Task prompt: Please leave out pictures and print exactly the lines from the one that has "Another aspect of" through the last line of the material below.

Input data:
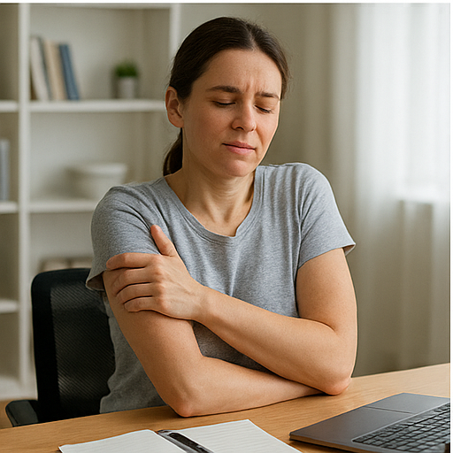 - 오랫동안 컴퓨터 앞에 앉아 있다 보면 어깨가 뻐근해지기 쉽죠. 이럴 때 자리에서 일어나지 않아도 간단한 어깨 스트레칭을 잠깐 해 주면 피로가 훨씬 줄어들어요.
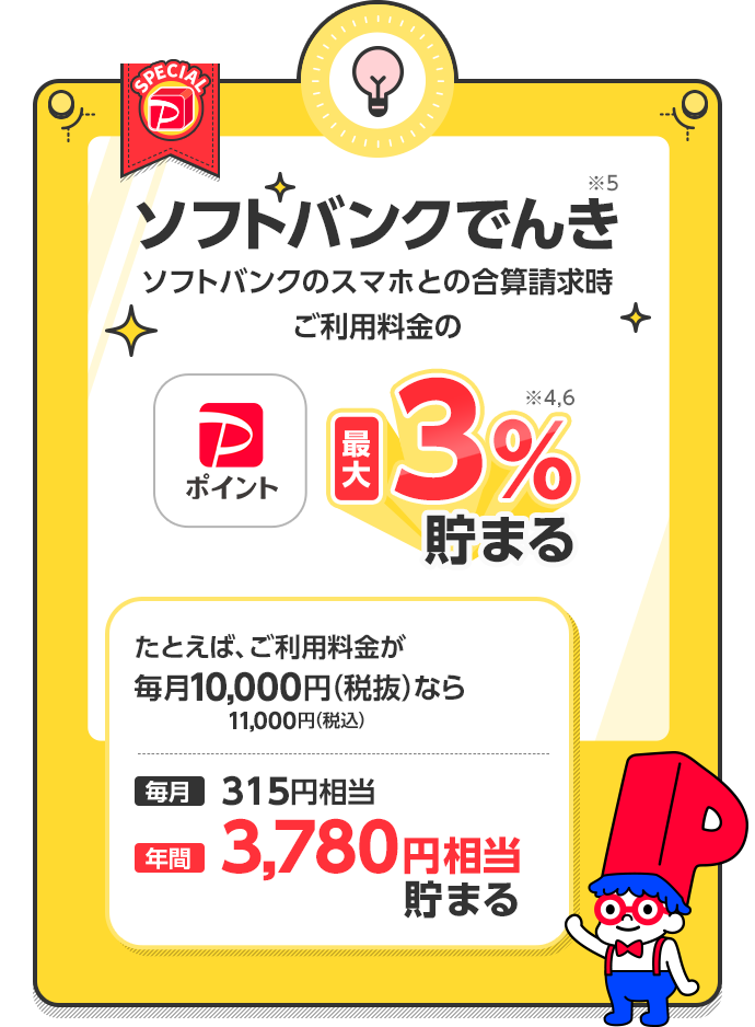 ソフトバンクでんきのみをご利用のお客さまは1%となり、PayPayポイントでの付与となります。PayPayポイントはご利用料金200円(税込)ごとに付与。
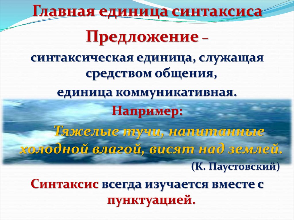 Предложение –синтаксическая единица, служащая
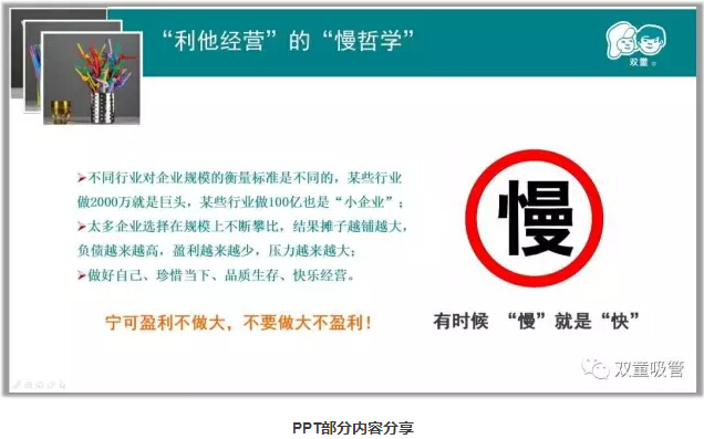 >>>> “利他經(jīng)營(yíng)”的慢哲學(xué):太多企業(yè)選擇在規模上不斷攀比,結果攤子越鋪越大,負債越來(lái)越高,盈利越來(lái)越少,壓力越來(lái)越大。其實(shí)“慢”的本質(zhì)是不犯錯誤少走彎路,不斷積累,有時(shí)候“慢”就是“快”!
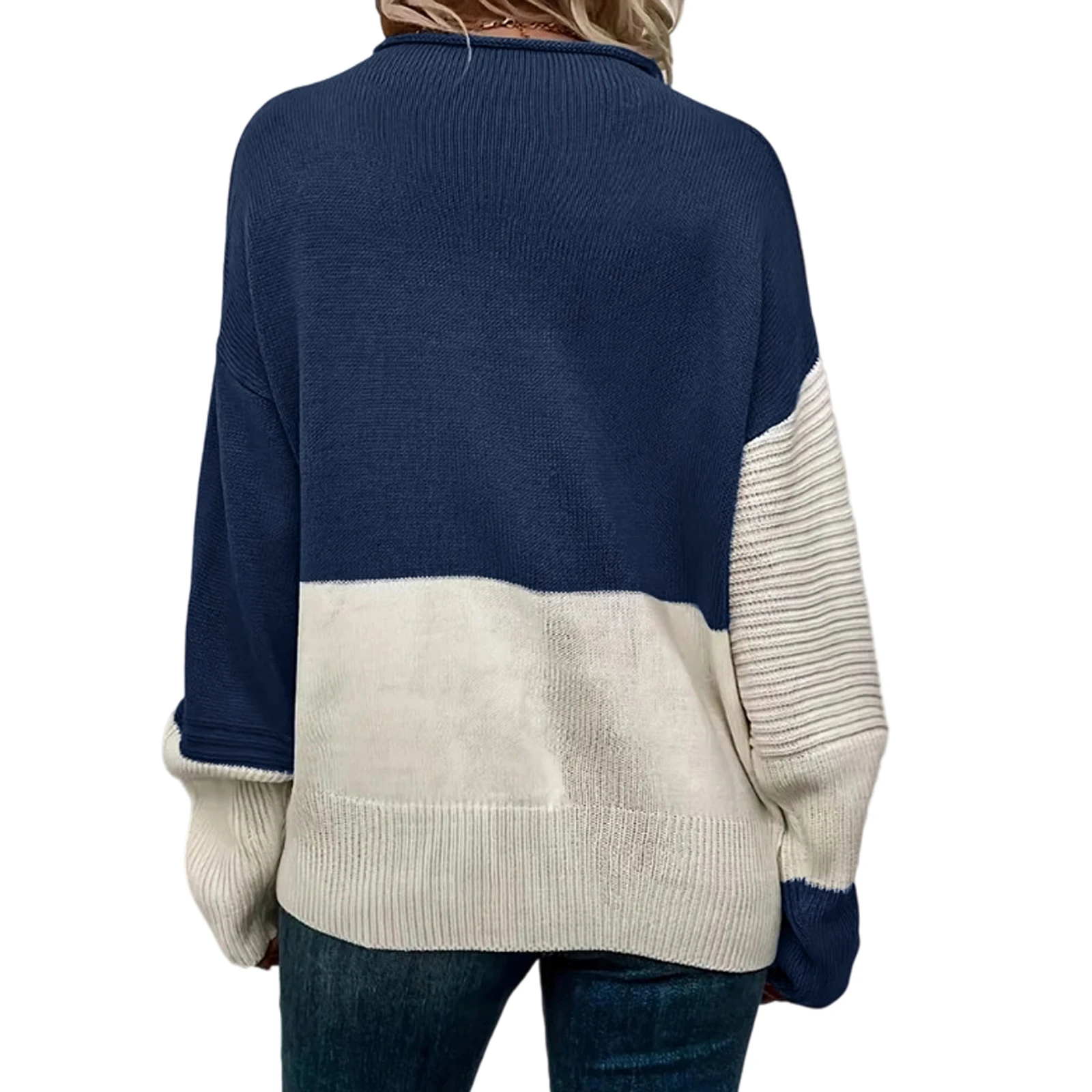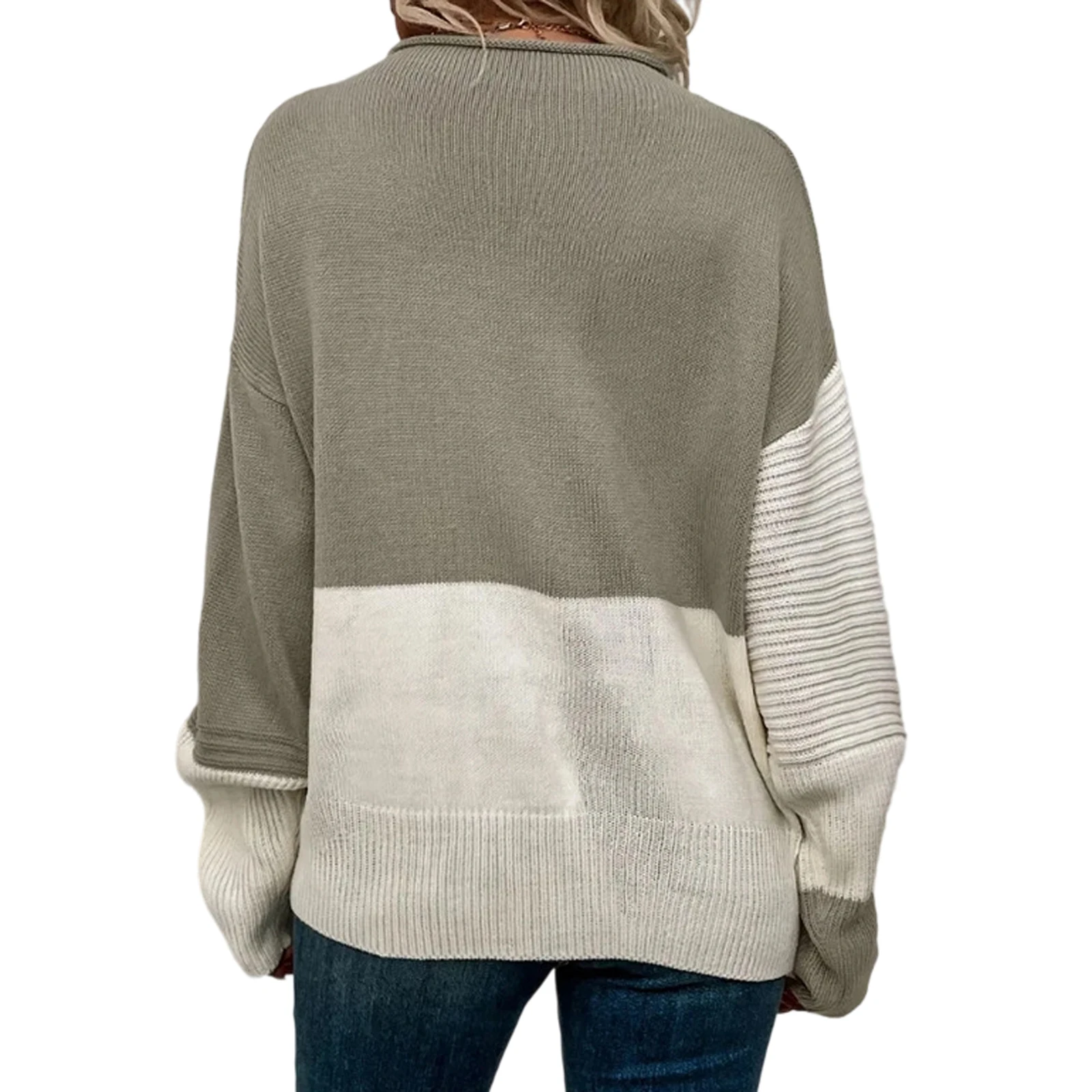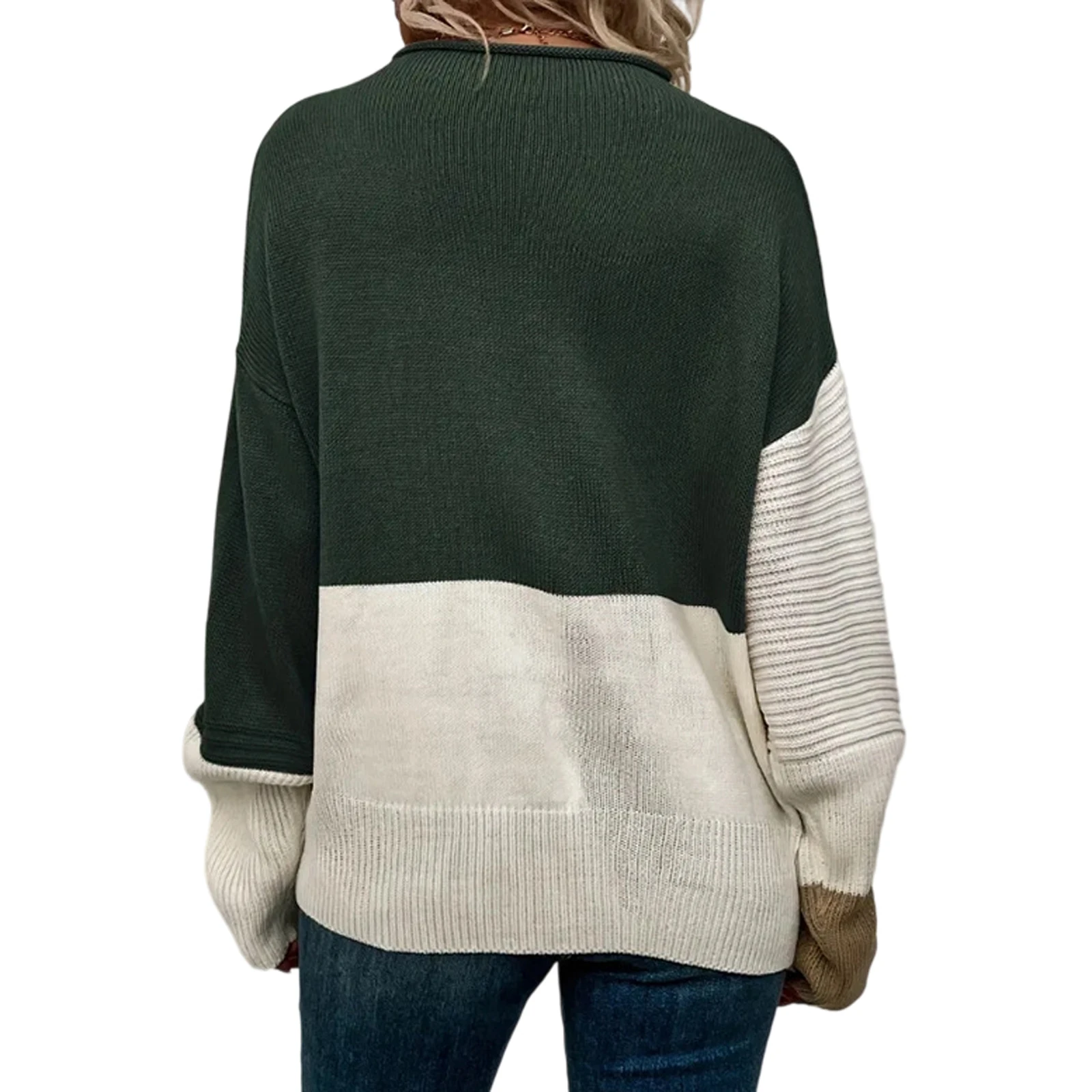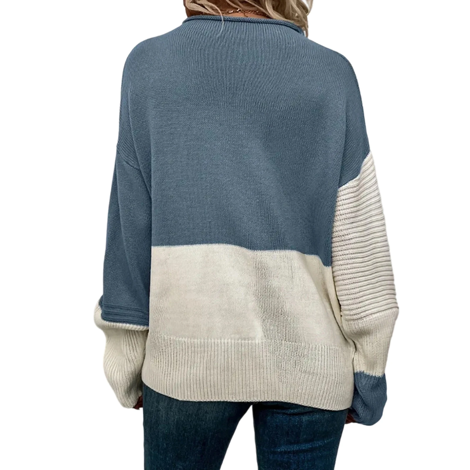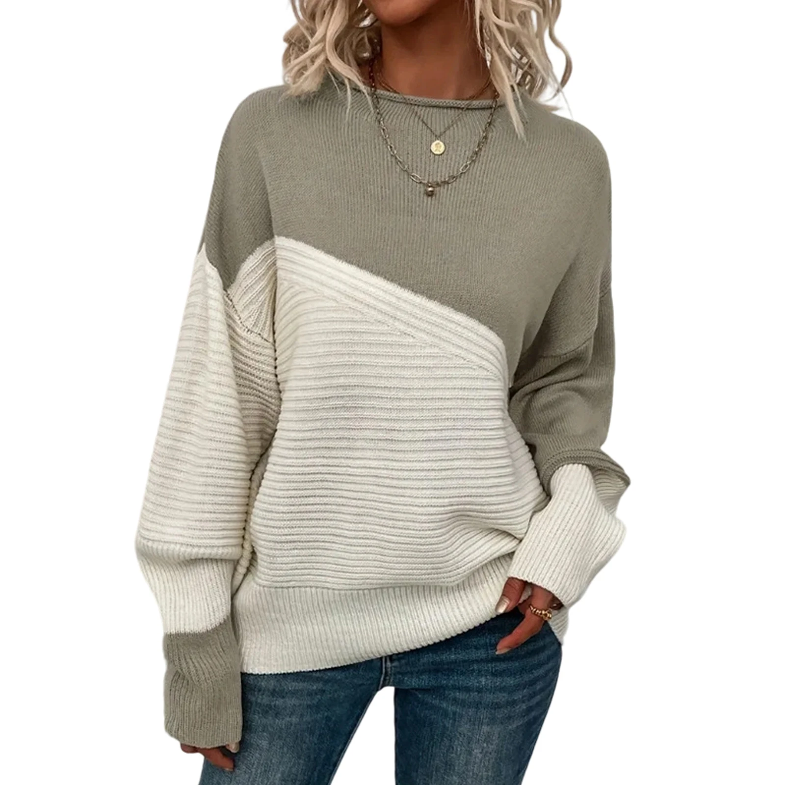 Women'S Casual Round Neck Colorblock Pullover Sweater Loose Casual Long Sleeve Contrast Color Top Pulls Femmes Woman Clothes
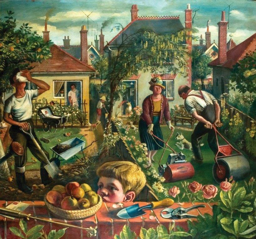 Another aspect of Sorrell’s oeuvre which deserves greater recognition are the paintings he produced during WW2. Like many artists of the period, such as Sir Thomas Monnington, Sorrell’s direct experience as an airman resulted in a new perspective ‘ broad horizons and tilted aerial views which were to become the hallmark of his post-war reconstruction drawings. Never an Official War Artist he was able to choose his subjects with relative freedom which resulted in an engaging record of daily life in wartime Britain.
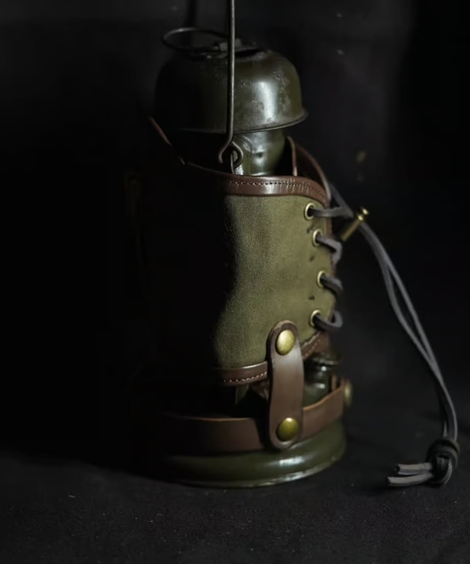 本革のパイピング加工と内生地にコットン100%ネイティブ柄のコーデュロイ生地を採用し、ビンテージランタンに相応しいウェアーに仕上げました。さらに背面にシリアルナンバーを刻印し、このウェアーもランタンと一緒に受け継がれていければ幸いです。

Result of the exercise:
 Another aspect of Sorrell’s oeuvre which deserves greater recognition are the paintings he produced during WW2. Like many artists of the period, such as Sir Thomas Monnington, Sorrell’s direct experience as an airman resulted in a new perspective ‘ broad horizons and tilted aerial views which were to become the hallmark of his post-war reconstruction drawings. Never an Official War Artist he was able to choose his subjects with relative freedom which resulted in an engaging record of daily life in wartime Britain.
 本革のパイピング加工と内生地にコットン100%ネイティブ柄のコーデュロイ生地を採用し、ビンテージランタンに相応しいウェアーに仕上げました。さらに背面にシリアルナンバーを刻印し、このウェアーもランタンと一緒に受け継がれていければ幸いです。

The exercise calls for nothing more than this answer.